▶ YOUR ASSIGNMENT
All that is wanted is the line with "Компактная подвесная тумба" and each line after it to the end of the data below, set down exactly and without pictures.

═══ DATA FOR REVIEW ═══

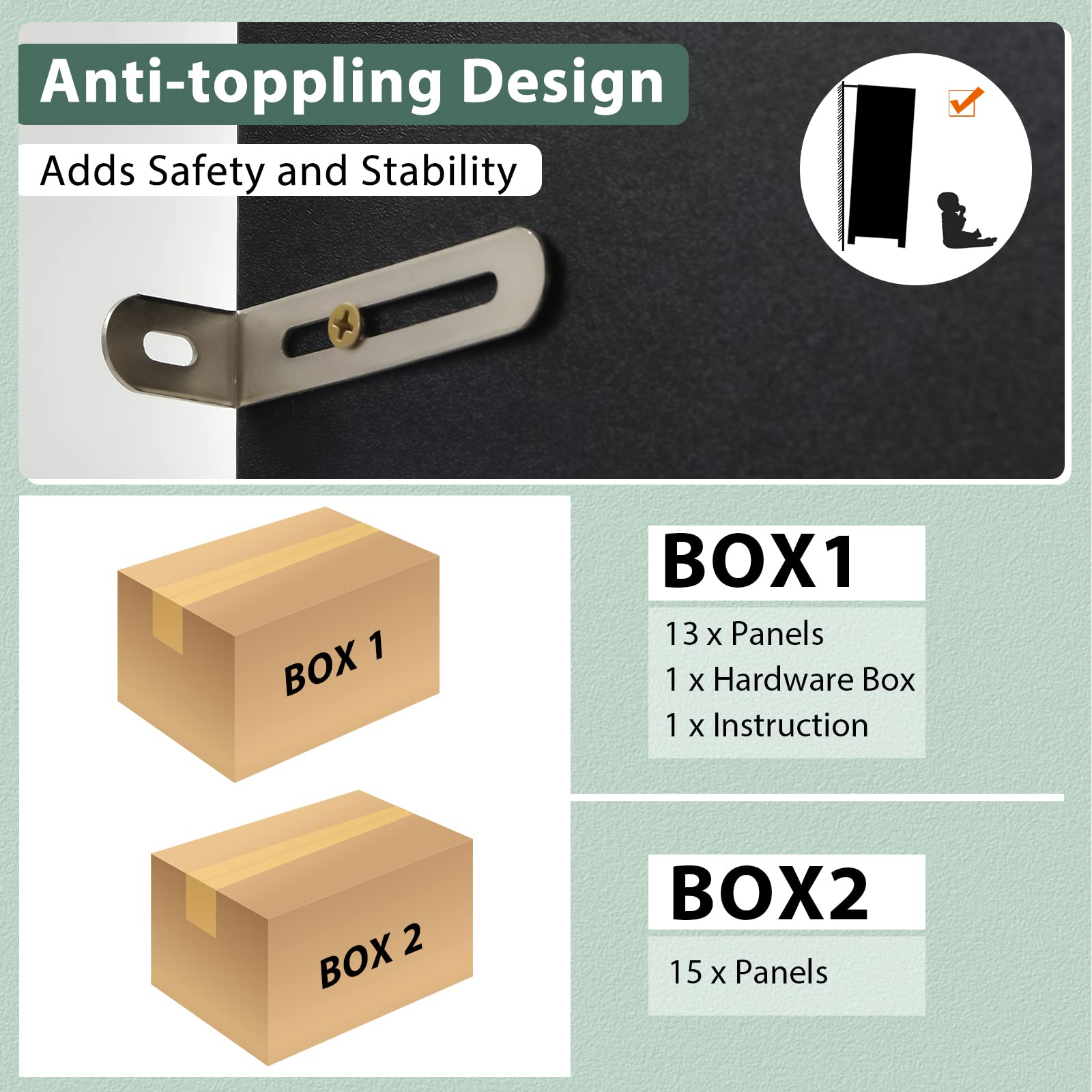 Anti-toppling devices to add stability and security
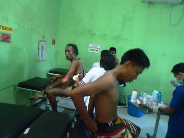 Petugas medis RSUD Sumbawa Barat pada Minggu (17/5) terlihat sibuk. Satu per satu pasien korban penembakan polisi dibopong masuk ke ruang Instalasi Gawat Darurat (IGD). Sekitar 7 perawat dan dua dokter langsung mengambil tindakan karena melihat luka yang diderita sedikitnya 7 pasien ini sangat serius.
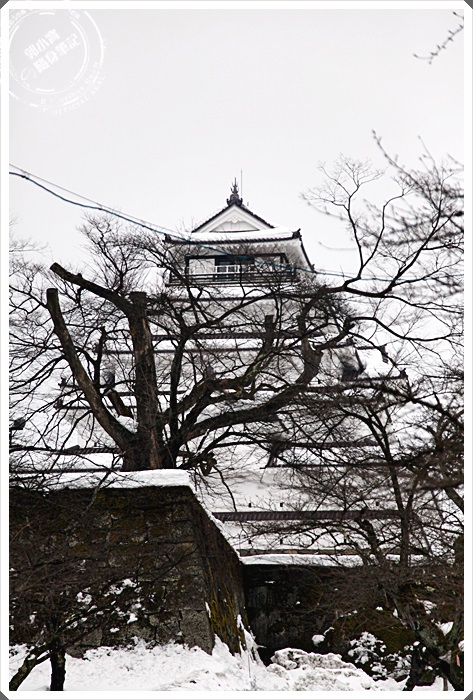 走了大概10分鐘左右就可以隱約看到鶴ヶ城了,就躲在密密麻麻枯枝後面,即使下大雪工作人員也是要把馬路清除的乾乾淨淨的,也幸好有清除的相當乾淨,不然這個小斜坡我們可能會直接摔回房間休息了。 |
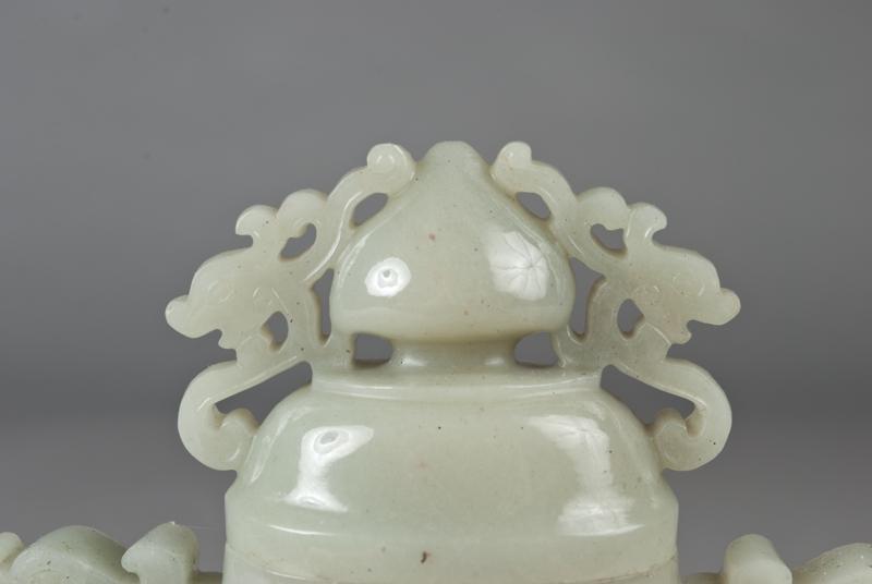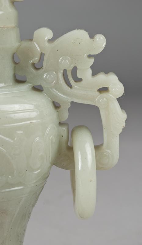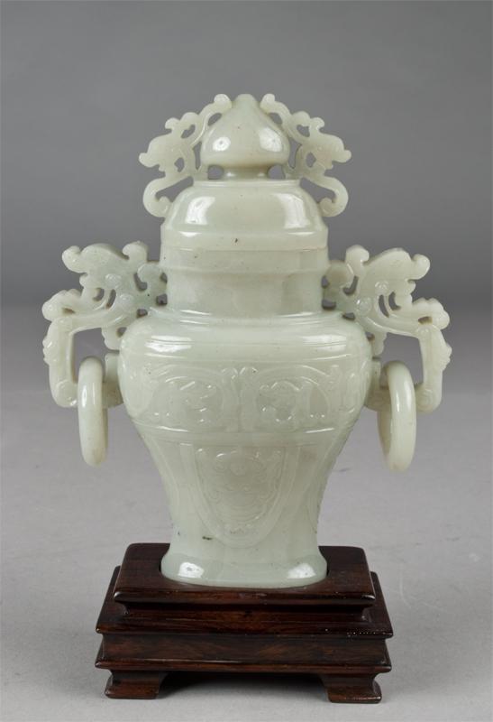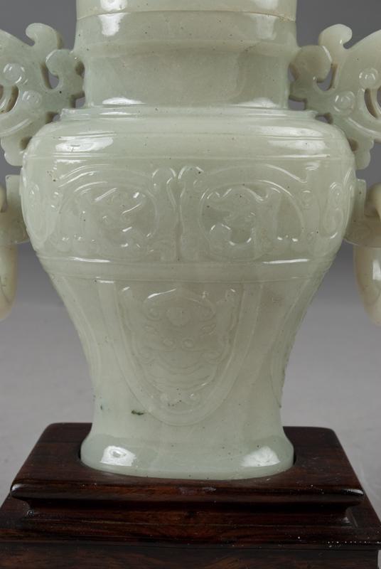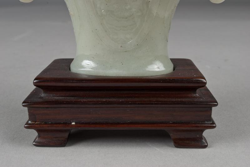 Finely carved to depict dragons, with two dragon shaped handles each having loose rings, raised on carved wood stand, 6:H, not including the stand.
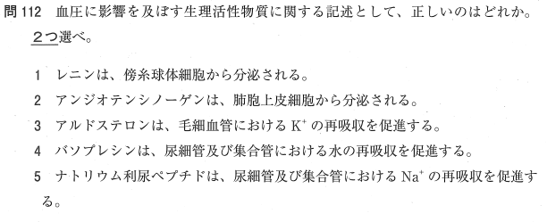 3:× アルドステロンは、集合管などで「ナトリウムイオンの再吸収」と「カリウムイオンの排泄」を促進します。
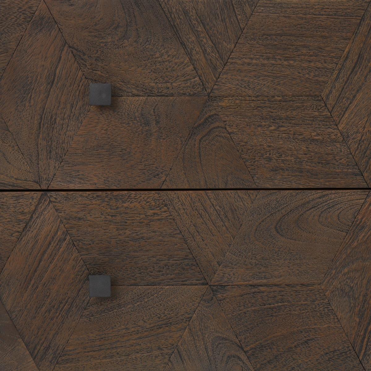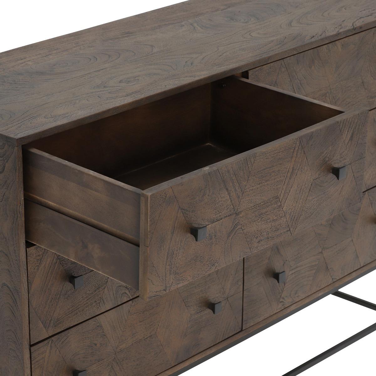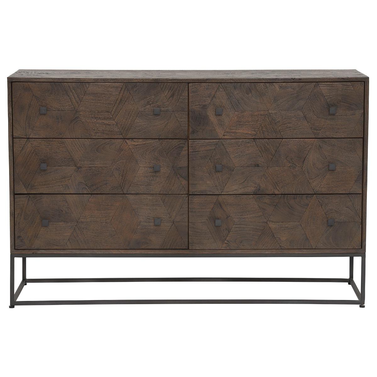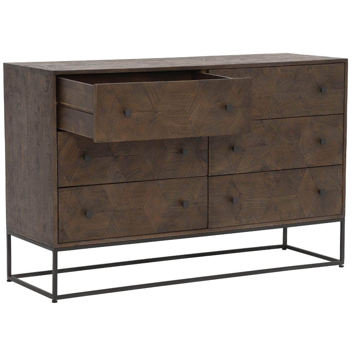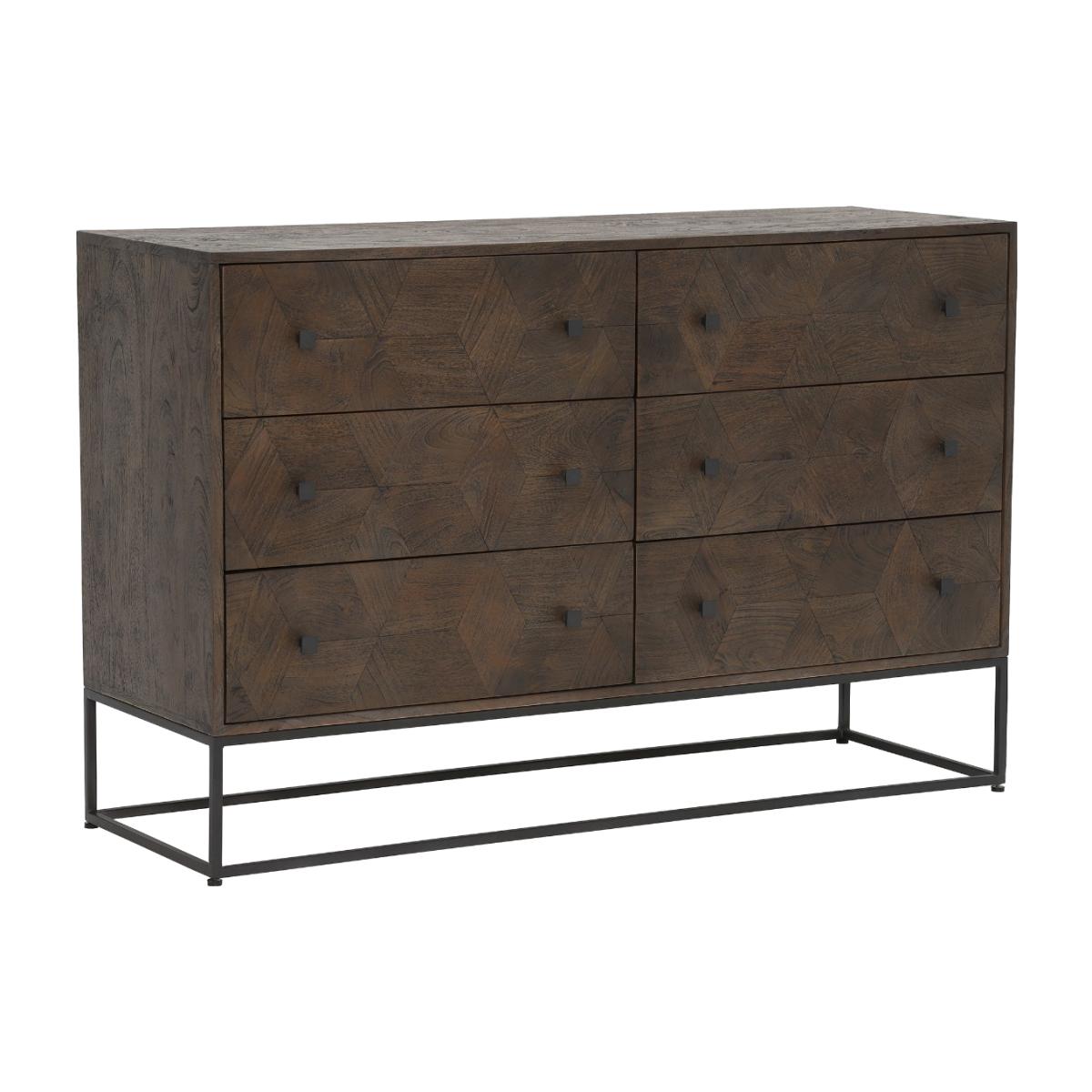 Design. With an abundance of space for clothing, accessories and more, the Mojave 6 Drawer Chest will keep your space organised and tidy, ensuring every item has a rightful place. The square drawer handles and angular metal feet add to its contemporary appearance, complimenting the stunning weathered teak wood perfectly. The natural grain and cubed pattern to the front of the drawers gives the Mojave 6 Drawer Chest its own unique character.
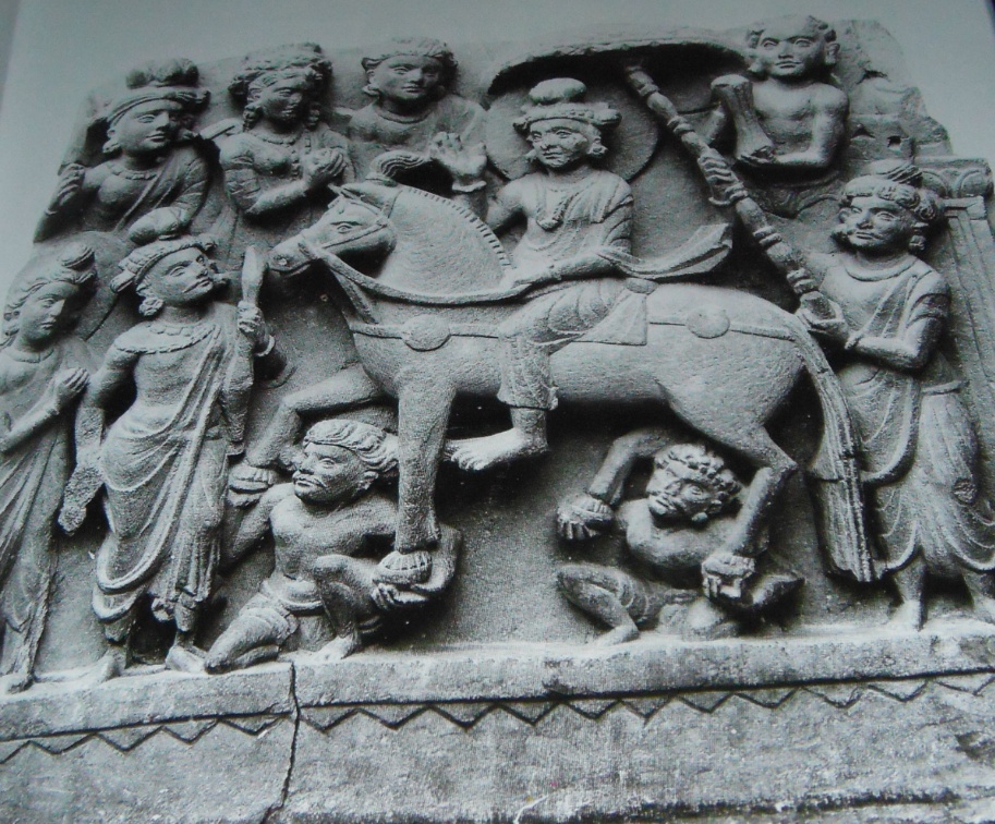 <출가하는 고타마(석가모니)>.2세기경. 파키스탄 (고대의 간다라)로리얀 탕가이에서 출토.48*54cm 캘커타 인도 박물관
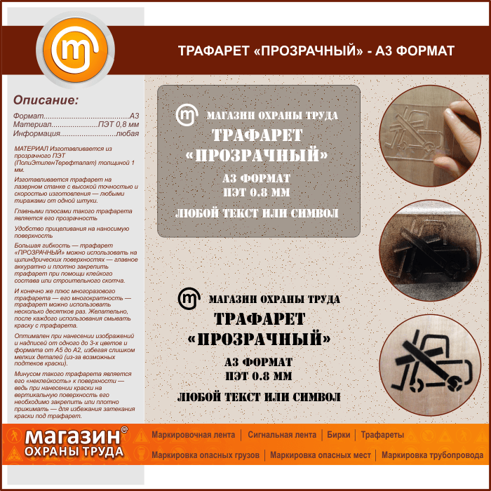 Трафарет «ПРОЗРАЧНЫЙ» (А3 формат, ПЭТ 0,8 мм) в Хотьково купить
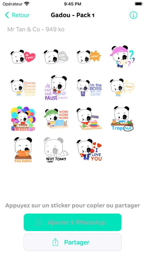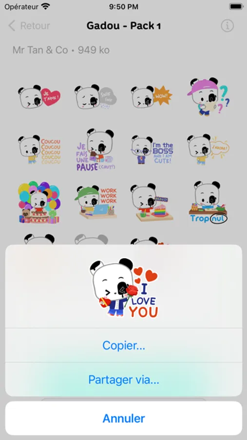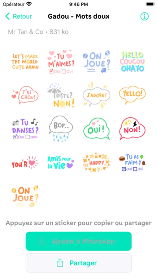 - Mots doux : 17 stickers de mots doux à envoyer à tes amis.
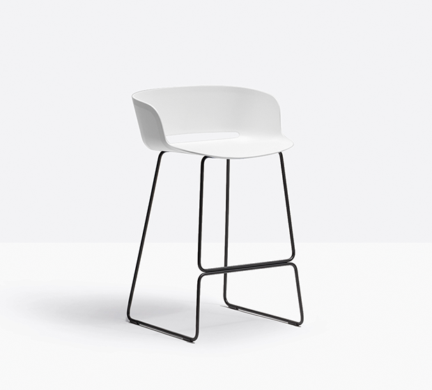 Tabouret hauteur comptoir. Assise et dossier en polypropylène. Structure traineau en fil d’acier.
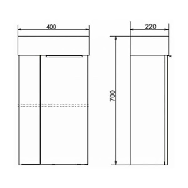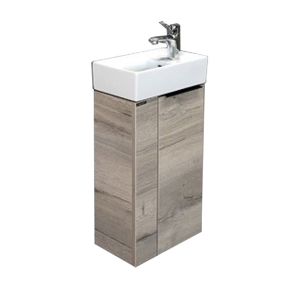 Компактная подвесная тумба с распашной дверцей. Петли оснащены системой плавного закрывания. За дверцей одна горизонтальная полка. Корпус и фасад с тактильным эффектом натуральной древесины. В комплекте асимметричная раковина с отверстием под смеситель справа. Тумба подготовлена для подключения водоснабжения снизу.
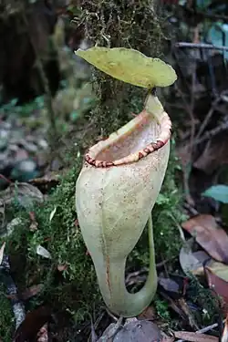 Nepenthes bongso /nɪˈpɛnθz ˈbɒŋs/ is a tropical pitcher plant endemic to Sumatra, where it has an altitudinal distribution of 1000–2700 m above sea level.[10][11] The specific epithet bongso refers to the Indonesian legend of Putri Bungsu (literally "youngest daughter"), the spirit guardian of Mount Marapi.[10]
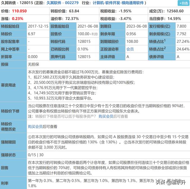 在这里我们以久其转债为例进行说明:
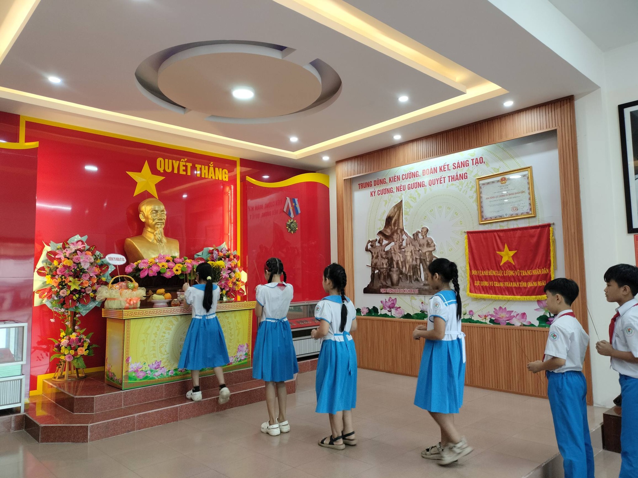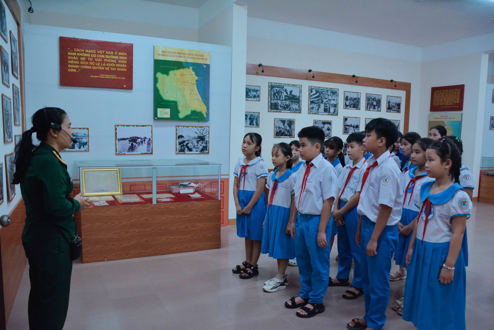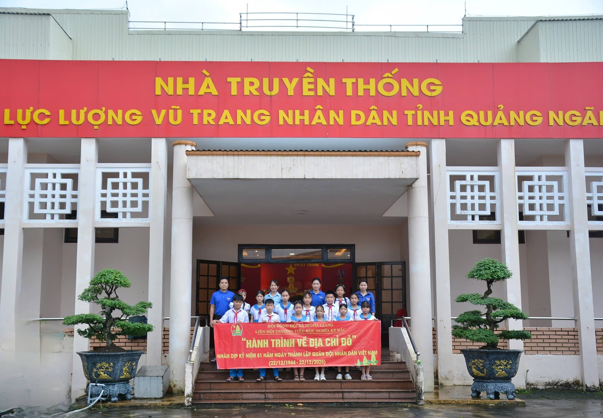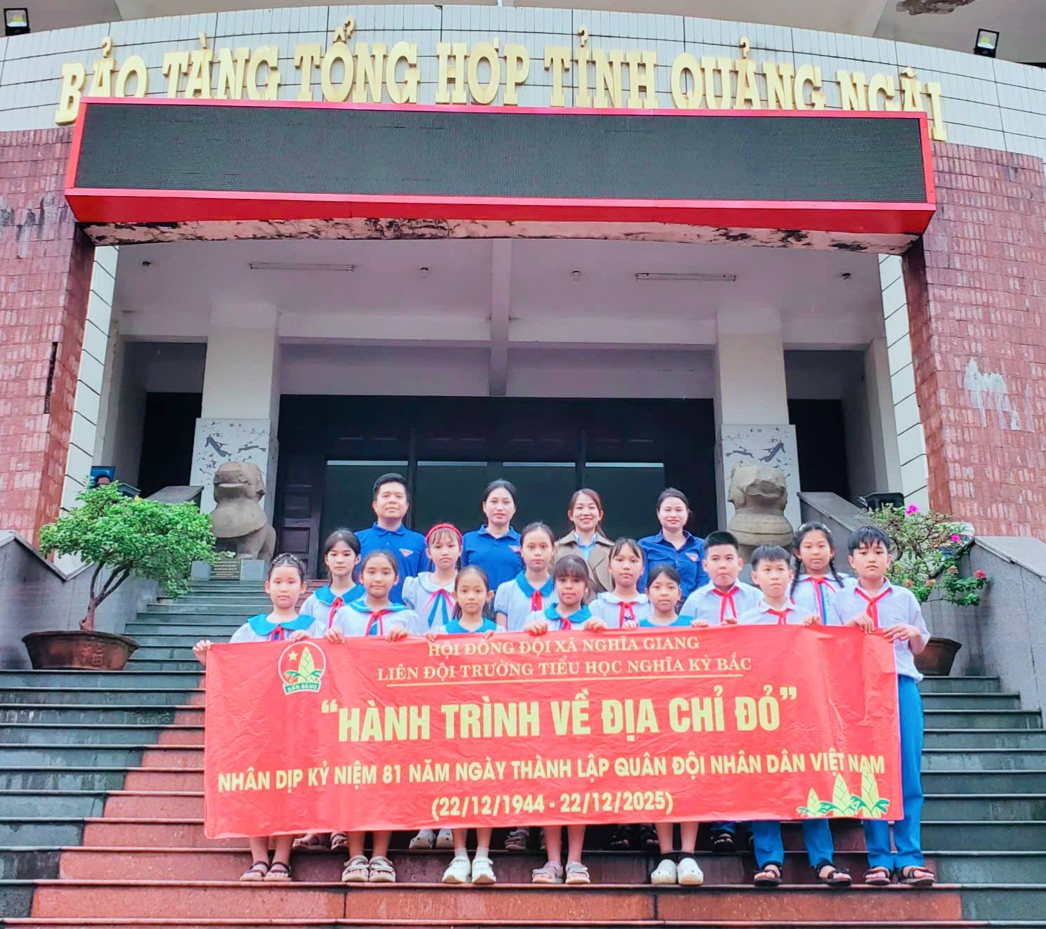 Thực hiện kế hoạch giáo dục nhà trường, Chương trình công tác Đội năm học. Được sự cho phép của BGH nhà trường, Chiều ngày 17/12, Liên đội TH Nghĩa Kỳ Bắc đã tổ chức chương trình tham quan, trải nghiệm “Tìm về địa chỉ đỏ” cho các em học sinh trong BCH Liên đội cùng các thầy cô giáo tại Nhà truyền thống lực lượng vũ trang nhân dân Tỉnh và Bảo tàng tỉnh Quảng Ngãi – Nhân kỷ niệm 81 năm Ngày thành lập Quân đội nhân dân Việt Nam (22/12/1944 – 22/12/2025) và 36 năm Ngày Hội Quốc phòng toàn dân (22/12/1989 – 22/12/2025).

═══

▶ ANSWER SPACE
 Компактная подвесная тумба с распашной дверцей. Петли оснащены системой плавного закрывания. За дверцей одна горизонтальная полка. Корпус и фасад с тактильным эффектом натуральной древесины. В комплекте асимметричная раковина с отверстием под смеситель справа. Тумба подготовлена для подключения водоснабжения снизу.
 Nepenthes bongso /nɪˈpɛnθz ˈbɒŋs/ is a tropical pitcher plant endemic to Sumatra, where it has an altitudinal distribution of 1000–2700 m above sea level.[10][11] The specific epithet bongso refers to the Indonesian legend of Putri Bungsu (literally "youngest daughter"), the spirit guardian of Mount Marapi.[10]
 在这里我们以久其转债为例进行说明:
 Thực hiện kế hoạch giáo dục nhà trường, Chương trình công tác Đội năm học. Được sự cho phép của BGH nhà trường, Chiều ngày 17/12, Liên đội TH Nghĩa Kỳ Bắc đã tổ chức chương trình tham quan, trải nghiệm “Tìm về địa chỉ đỏ” cho các em học sinh trong BCH Liên đội cùng các thầy cô giáo tại Nhà truyền thống lực lượng vũ trang nhân dân Tỉnh và Bảo tàng tỉnh Quảng Ngãi – Nhân kỷ niệm 81 năm Ngày thành lập Quân đội nhân dân Việt Nam (22/12/1944 – 22/12/2025) và 36 năm Ngày Hội Quốc phòng toàn dân (22/12/1989 – 22/12/2025).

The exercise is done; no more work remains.